Descriptive Information
Brief Title  ICMJE Comprehensive Cognitive Remediation as a Strategy to Prevent Cognitive Impairment Associated With Age and Disability With the REHACOP Program
Official Title  ICMJE Comprehensive Cognitive Remediation as a Strategy to Prevent Cognitive Impairment Associated With Age and Disability in the Elderly With the REHACOP Program
Brief Summary

The aim of the study was to analyze the effectiveness of a comprehensive cognitive remediation program (REHACOP) in the non demented elderly, obtaining improvements in cognition and functional skills. It was a longitudinal randomized controlled trial with three assessments: basal, post-treatment, and 12-month follow-up.

Recruitment and enrollment were conducted between September 2012 and November 2016. All participants underwent a clinical interview and an extensive neuropsychological battery. Patients were randomized in an experimental and a control group. The groups were formed by a maximum of eight participants run by an experienced therapist. The experimental group received cognitive remediation for 3 months, 3 times per week, 60 minutes per session. The control group consisted of occupational group activities (reading the newspaper, drawing, singing or doing crafts) with the same frequency as the experimental group. Post-treatment assessment was carried out within the first week after completing the intervention. Finally, longitudinal follow-up at 12 months with neuropsychological assessments will be performed.

Objective: To examine the efficacy of a comprehensive cognitive training program (REHACOP) to improve cognition, clinical symptoms and functional disability for the elderly.

Detailed Description

- Neuropsychological assessment

Premorbid IQ was tested by the following tests:

  • Accentuation Reading Test (TAP). This test estimates the premorbid IQ in Spanish speakers through 30 words without accentuation which must be read considering its accentuation. Maximum score of 30 points with higher scores indicating better performance.
  • Readers assessment processes (PROLEC) (Pseudoword reading). Evaluates the reading ability and the processes that in it intervene. It consists of 40 pseudowords that must be read correctly as quickly as possible. The scores range from 0 to 40. Higher scores indicate better performance.
  • Cognitive Reserve Questionnaire (CRQ). This questionnaire consists of fifteen items that measure the cognitive reserve and includes questions about education/culture, working activity, leisure and hobbies, physical activities and social activities. Maximum score of 26 points with higher scores indicating greater cognitive reserve.

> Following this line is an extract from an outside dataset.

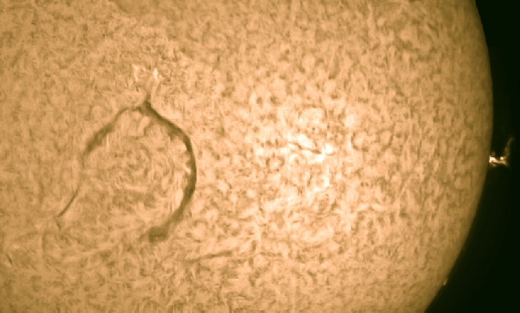 This large filament is on its way to the Western limb where it could become a very interesting feature. This is a composite of two images captured with my 40mm PST, a 1.5X Barlow and a DMK41 camera.

Cognitive status was tested by the following tests:

  • Mini Mental State Examination (MMSE) determine cognitive status in five categories (orientation, registration, attention and calculation, recall and language). Maximum score of 30 points with higher scores indicating greater performance.
  • Montreal Cognitive Assessment (MOCA)* determine cognitive status in nine categories (visuospatial, executive functioning, naming, memory, attention, language, abstraction, delayed recall and orientation). Maximum score of 30 points with higher scores indicating greater performance.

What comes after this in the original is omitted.